Приподняв платье чисто женским жестом, в котором тем не менее проглядывало профессиональное движение сыщика, Мари взбежала на запретный этаж.

Дым валил как раз из комнаты Мэри. Дверь была приоткрыта. Она толкнула створку и от неожиданности остановилась как вкопанная: прямо перед ней стоял еще нетронутый огнем манекен. Он словно саваном был накрыт белой простыней, заменившей алое платье, которое теперь было на ней. В комнате горели шторы и мебель.

Она собралась было оттолкнуть манекен, когда вдруг увидела на восковом декольте огненный язычок, за секунду нарисовавший эмблему Алой Королевы. Прежде чем Мари смогла опомниться, изображение вспыхнуло. Восковая фигура начала плавиться, Мари с ужасом смотрела, как искажается лицо, так похожее на ее собственное, как корчатся его черты.


И второй удар ожидал Мари.

В холле с сервировочного столика исчез конверт с последним посланием Мэри Салливан.

Пожарные прибыли быстро, но тушить уже было нечего, так как огонь погас сам собой. Пока Лукас шарил в почерневшей от копоти комнате, пытаясь понять, как могло возникнуть возгорание, Мари опрашивала кого могла. Конверт пропал, и никто понятия не имел, куда он делся, кто мог его взять. Луиза, казалось, тоже была этим огорчена, как и Мари, которая в прострации сидела в большой гостиной. Мари едва слышала обращенные к ней слова утешения и только один раз подняла глаза на Алису, которая после нескольких общих фраз обронила, что на ее месте она отказалась бы от свадьбы в Киллморе. И тем не менее назначенное для бракосочетания время приближалось, и Лукасу понадобилось все его красноречие, чтобы убедить Мари взять себя в руки: ведь жила она до сего дня без послания матери, так что не стоит позволить прошлому омрачить настоящее. К тому же ему очень хотелось, чтобы свадьба состоялась, как они и планировали, чтобы она стала наконец его женой.
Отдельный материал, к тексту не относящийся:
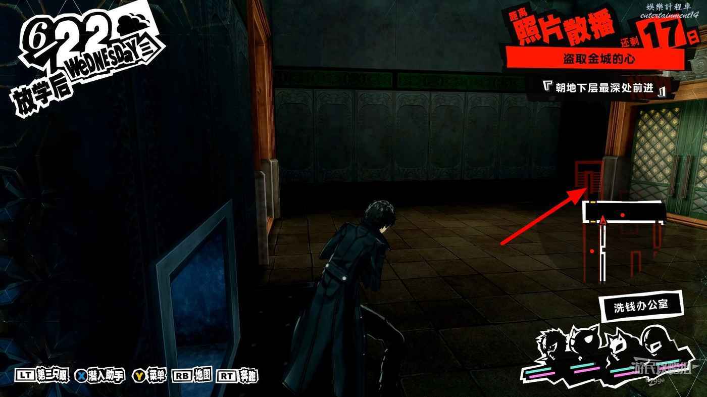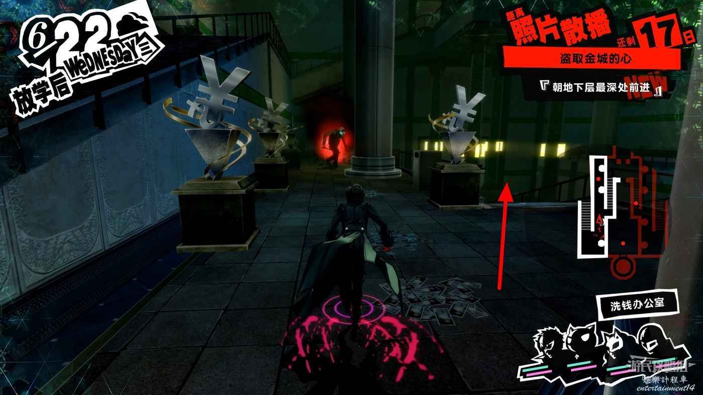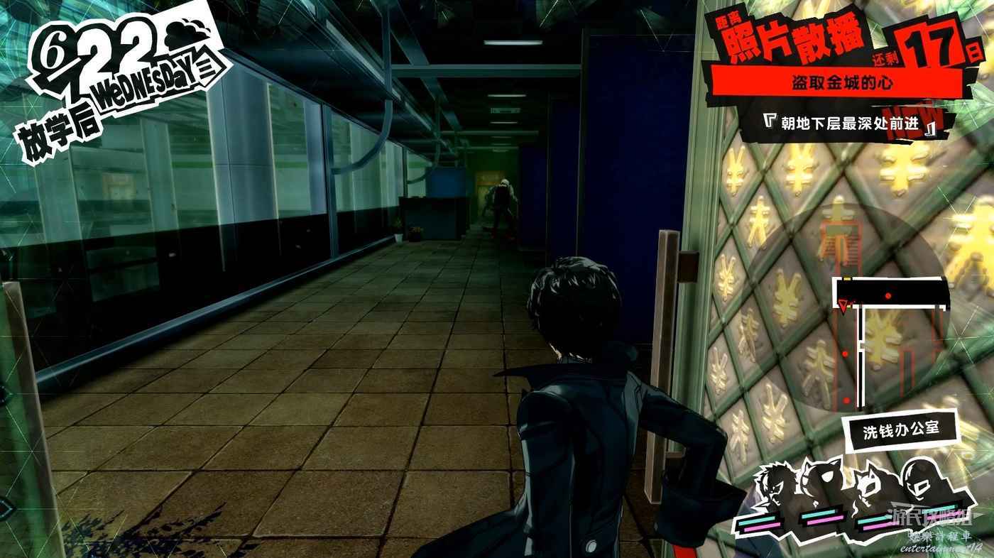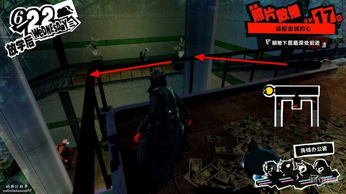 進入洗錢辦公室後沿著透明橋直走進入前方走廊,進入走廊後右邊的門無法打開,直接向左走即可。

Лукас нервничал, стоя у алтаря. Еще полчаса назад Мари должна была появиться под руку с Эдвардом. Уже все собрались в маленькой семейной часовне, не хватало только невесты. Чувствовалось всеобщее нетерпение.

Луиза, восседая в первом ряду, еще принимала поздравления разодетых гостей, большей частью представителей местной знати. Фрэнк, великолепный в костюме из льна и шелка, пришел со своей очередной подружкой, художницей-пейзажисткой из местных, красивой сорокалетней блондинкой с короткой стрижкой. Она не сводила светло-голубых влюбленных глаз с Фрэнка, что не мешало тому разглядывать присутствующих женщин. Ронан без удовольствия перехватил оценивающий взгляд, которым тот окинул его молодую жену. И вправду, в Жюльетте с улыбающимся младенцем на руках, была утонченная красота мадонны. Ронан с видом собственника обнял ее рукой за плечи.
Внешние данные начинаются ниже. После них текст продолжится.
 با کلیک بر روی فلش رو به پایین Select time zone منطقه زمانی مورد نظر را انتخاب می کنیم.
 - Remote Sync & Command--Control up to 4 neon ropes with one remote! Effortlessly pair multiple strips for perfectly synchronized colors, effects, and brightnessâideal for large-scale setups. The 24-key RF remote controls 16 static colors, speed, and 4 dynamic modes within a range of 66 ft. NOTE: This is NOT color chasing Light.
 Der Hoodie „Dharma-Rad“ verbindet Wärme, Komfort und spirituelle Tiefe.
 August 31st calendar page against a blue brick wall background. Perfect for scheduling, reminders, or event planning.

Начавший не на шутку тревожиться Лукас не спускал с двери глаз. Подметил он и нарочитый вздох Алисы, подчеркнуто посматривавшей на свои часики. «Она была бы красивой, — подумал он, — не будь такой холодной, да и строгая прическа каре и строгий костюм ей не идут». Алиса легонько шлепнула Жилль, которая ковыряла ногти. Та сразу окрысилась.

— Отстань от меня! — услышал он. — Тебе недостаточно, что я вырядилась как провинциальная мещаночка?

— А ты и есть провинциальная мещаночка и ведешь себя так же! — нанесла ей удар мать.

Поймав взгляд Лукаса, Алиса холодно улыбнулась ему. Тогда жених перевел свое внимание на родителей, беспокоясь за Элен, показавшейся ему подавленной. Марк ободряюще подмигнул ему, и это его успокоило. Он провел пальцем за воротником белой сорочки, все больше давившем на шею, и вновь устремил взгляд на настежь открытую дверь часовни, выходившую на луг.

Обстановка становилась необычной, и ему было непонятно, что происходит с такой пунктуальной Мари.


На крыльце замка Эдвард помогал молодой женщине справиться с длинной кружевной фатой, доходившей до пола. Почувствовав ее лихорадочное возбуждение, он взглянул ей в лицо.

— Дай мне руки, Мари.

Удивившись, она вложила свои руки в его ладони. Он твердо и одновременно нежно сжал их. Она уловила в его глазах какую-то почти магнетическую силу и сразу почувствовала себя спокойной.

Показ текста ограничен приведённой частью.